Background information
- Born: Max Stern March 31, 1947 (age 79) Valley Stream, NY, United States
- Genres: Classic
- Occupations: Composer, Critic, Double-bassist, Conductor
- Instrument: Double bass
- Website: www.maxsternmusic.com

= Max Stern (composer) =

American-Israeli Musical artist

Max Stern (מקס שטרן; born March 31, 1947, in Valley Stream, New York) is a composer, critic, double-bassist, conductor and educator. He has created a rich genre of biblical compositions blending East and West in contemporary and traditional genres.

==Musical education==
Stern sang in the synagogue as a boy and began music in the public schools; playing tuba and contrabass in bands, orchestras, shows etc. In high school, he studied contrabass with Frederick Zimmermann, (NYC,1963–65), and participated in chamber music workshops led by the Budapest String Quartet at SUNY at Buffalo (1963–64).
Composition- Samuel Adler, theory- Robert Gauldin, orchestration- Bernard Rogers, contrabass-Oscar Zimmerman, voice classes of Julius Huehn at the Eastman School of Music(BM, Rochester, New York 1969); privately Hall Overton (NYC, 1966 & 67).
Further composition- theoretical studies with Alexander Goehr, double bass w. Gary Karr at Yale School of Music, New Haven (MM, 1970).
Addition Studies at the First International Kodaly Seminar, Kesckemet, Hungary(1970) and at the Kodaly Musical Training Institute, Wellesley, Mass., pedagogy and choral conducting - Peter Erdei, solfege and folkmusic research with Kati Komlos(1970–71). Later, he studied Ethnomusicology with Johanna Spector at the Jewish Theological Seminary, NYC (1973–75), taking courses in Anthropology, and the Middle East at Columbia University, sociology and psychology of education at Hunter College, contemporary literature and ideas in literature at Queens College (1965, 71, 74).
He received a Doctorate of Musical Arts from the University of Colorado, Bouilder, 1989, where he worked with William Kearns (American Music), Richard Toensing (Atonal music), Luis Gonzalez and Charles Eakin(composition) and Karl Kroeger(bibliography) writing dissertations on "Indeterminacy and Improvisation" and "Henrich Schutz: Psalm Settings".
He participated in masterclasses at the Vienna Music Seminar in conducting with Erwin Acel (summer, 1997 & 98), and at Pro Mundo Uno, Tivoli with Kurt Redel (summer, 1997).

==Activities==
He has served on the executive board of the Israel Composers' League (1991–92) and represented Israel's composers at a number of ISCM Festivals in Oslo, Zurich, Mexico City and Essen. He was selected as their first repräsentative to the Asia Composers League Festival, Manila, Philippines, 1997. He has toured Romania(1993), and South Africa (1994), participated in Festival Horowitz, Castelfranco, Italy(1994), Music Judaica, Prague (1995), and the Festival of the Old Testament, Prague (1996), and given solo contrabass recitals of his compositions in Zurich and Vienna (2000).

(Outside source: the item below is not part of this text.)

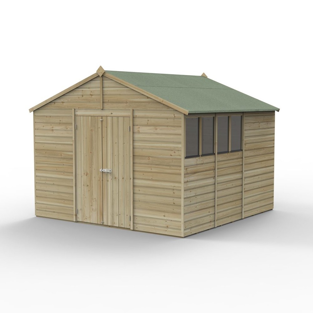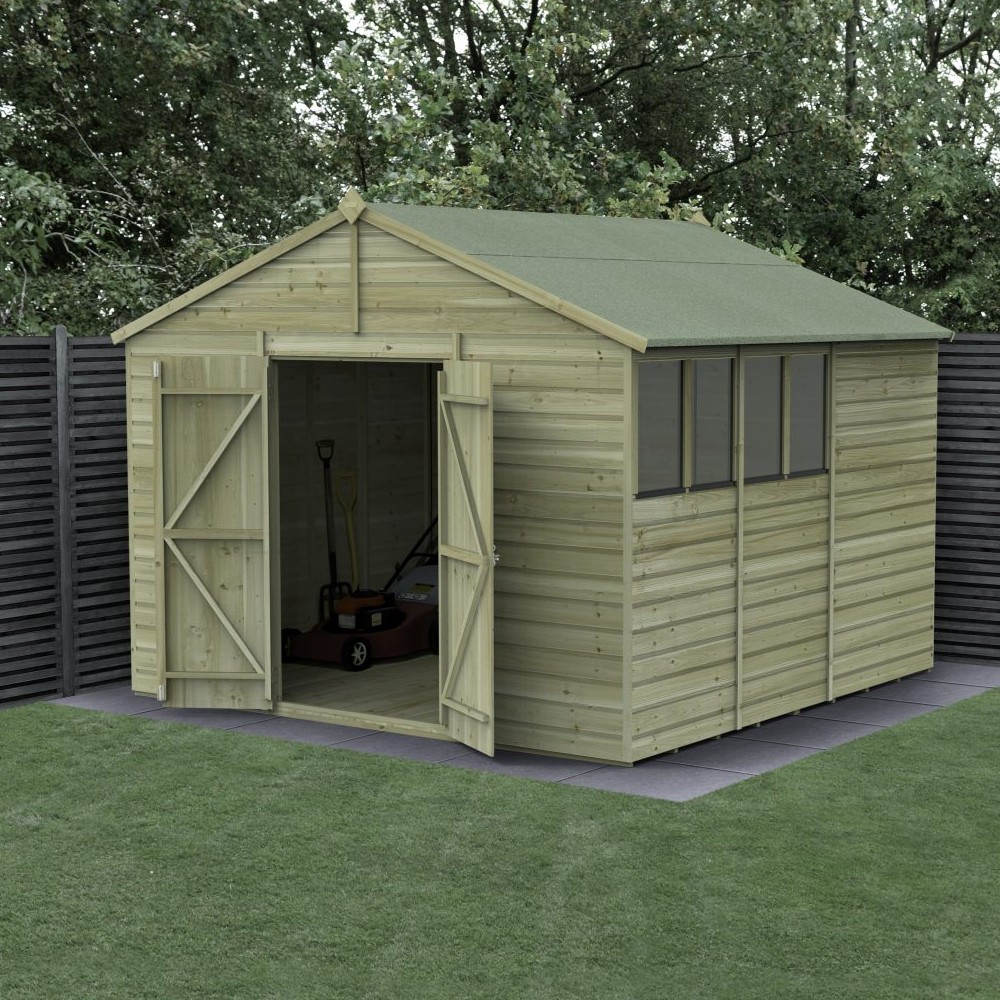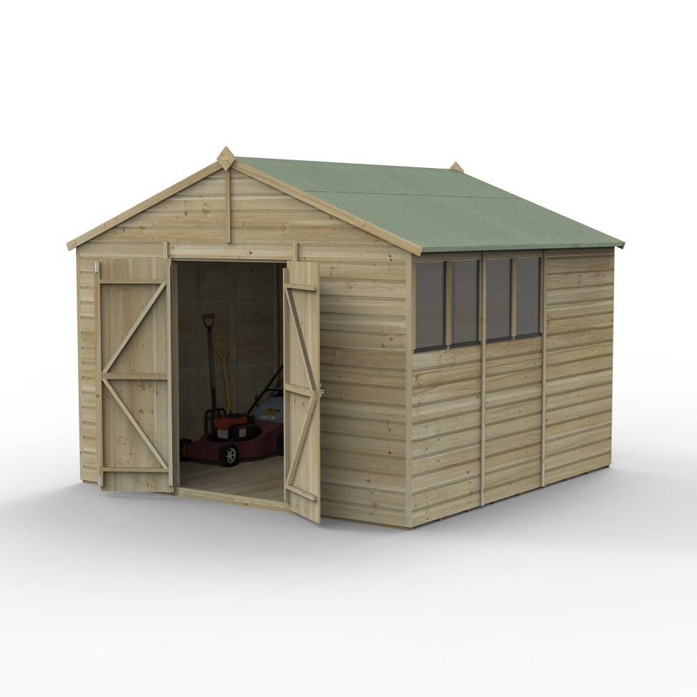 Features & Benefits: Forest Garden Beckwood 4 Windows Apex Shed with Double Door - 10ft x 10ft

Max Stern worked as a freelance musician from 1969 to 1975, performing contrabass with the Rochester Philharmonic, New Haven Symphony, Bridgeport Symphony, Springfield Symphony Orchestra(principal), Brooklyn Philharmonic, Music for Westchester, National Orchestral Association, Radio City Music Hall, Caramoor Festival, Spoleto Festival, and American Ballet Theatre (principal) performing under Leonard Bernstein, Arthur Fiedler, Walter Hendl, Lazlo Somogy, Jose Iturbi, Lukas Foss, Frank Brief, David Gilbert, Leon Barzin and others.
Simultaneously he was engaged as arranger for the American Ballet Theatre where he was commissioned to write special arrangements for luminaries: Natalia Makarova, Mikhail Baryshnikov and Gelsey Kirkland.
During these years, Stern also taught at the Third Street Music School Settlement on the lower East Side, Wagner College on Staten Island and the Queensboro Community College.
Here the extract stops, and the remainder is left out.